You can boil your lasagna noodles if you want but I think it’s a pain and the noodles tend to get overcooked. Instead, I fill my lasagna pan with hot water (boiling if you got it) and soak the noodles in the water until everything else is ready to go. The noodles start to soften and you don’t have to dirty another pan. You’re already making enough dirty dishes, don’t need any more. Plus the noodles will finish cooking in the oven and they won’t be mushy.

If you have precooked hamburger in the freezer, defrost it. Add a bit of oil to a pan that’s large enough for all this sauce we are going to make. Heat the oil on medium low and add your garlic. Cook the garlic for a minute or two, until you can smell it. Don’t let it burn. Then add your ground beef (cooked or raw). Cook until no longer pink. Add the basil, oregano, pepper flakes, salt and pepper. Then add the jars of sauce. Move this to the back burner on medium heat so just make friends for a few minutes.

Time for bechamel. A bechamel is just a white sauce. It’s the foundation for a ton of other awesome sauces, like alfredo and sausage gravy. In a sauce pan, add a bit of olive oil and your butter. Let it melt on medium so it doesn’t burn. Adding the oil will help to prevent the butter from burning. Add the garlic powder, onion powder, salt and pepper and a bit of fresh ground nutmeg. I know it sounds odd, but just a touch makes it so good. Stir into the butter. Now add the flour and stir constantly for a few minutes until the flour takes on a bit of color. Cooking the flour helps to get rid of all the raw flour taste and just leaves the thickening goodness behind. Now slowly add the milk and raise the heat a bit. Start with two cups and bring the sauce to a simmer until thickened. You may need to add more milk if it’s too thick. You can always add more but you can’t fix it if it gets too thin.

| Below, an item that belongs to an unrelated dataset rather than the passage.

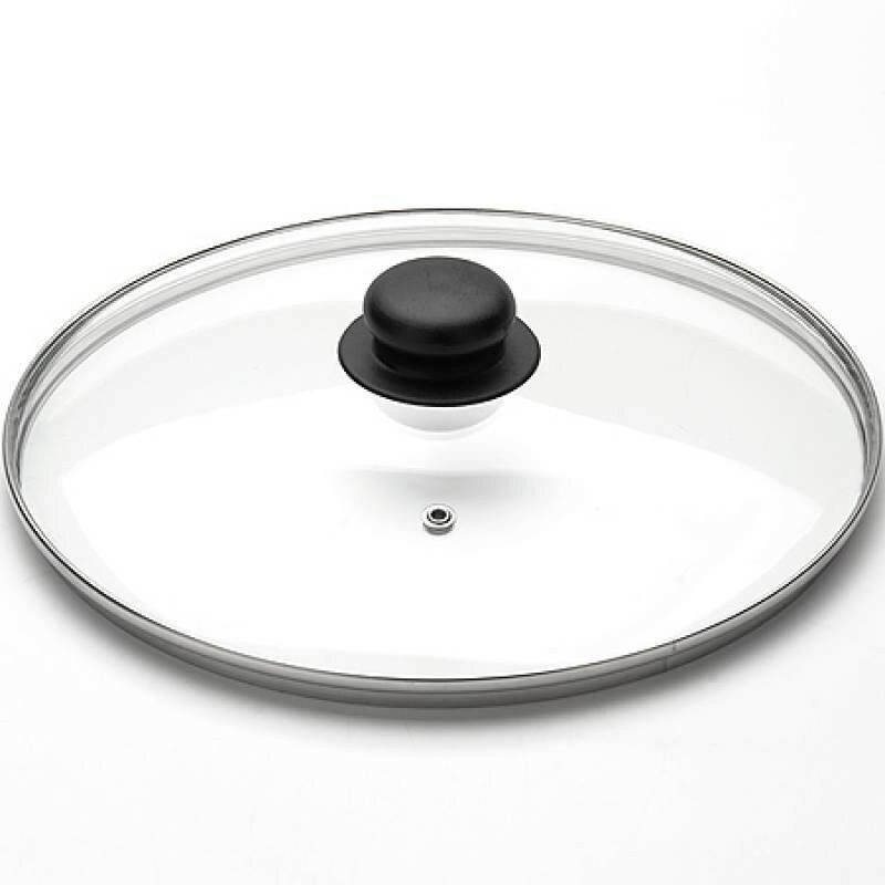 Крышка стеклянная TimA с ручкой (полипропилен) с металлическим ободком и пароотводом, д.28 см

At this point you can add some Parmesan cheese to your sauce to give it some more kick.

Now we can start layering. Drain your noodles and dry off your lasagna pan. Spray the pan with nonstick cooking spray or grease your pan. Put a layer of noodles on the bottom of the pan, making sure they overlap a bit. Now put a layer of the bechamel. I smooth it out with a spatula or a frosting spreader. Now add a layer of your red sauce on top of that. Repeat your layers until you are out of pasta. I try to finish with a layer of bechamel, then a layer of red sauce. Top with cheese and bake at 350 for 30 to 45 minutes depending on how dark you like the cheese on top.

You can substitute the bechamel for a ricotta mixture. I add an egg, some garlic powder, dried parsley and some Parmesan and mozzarella to the ricotta and chill it until I’m ready to assemble. I’ll make this before the sauce to let the flavors get friendly.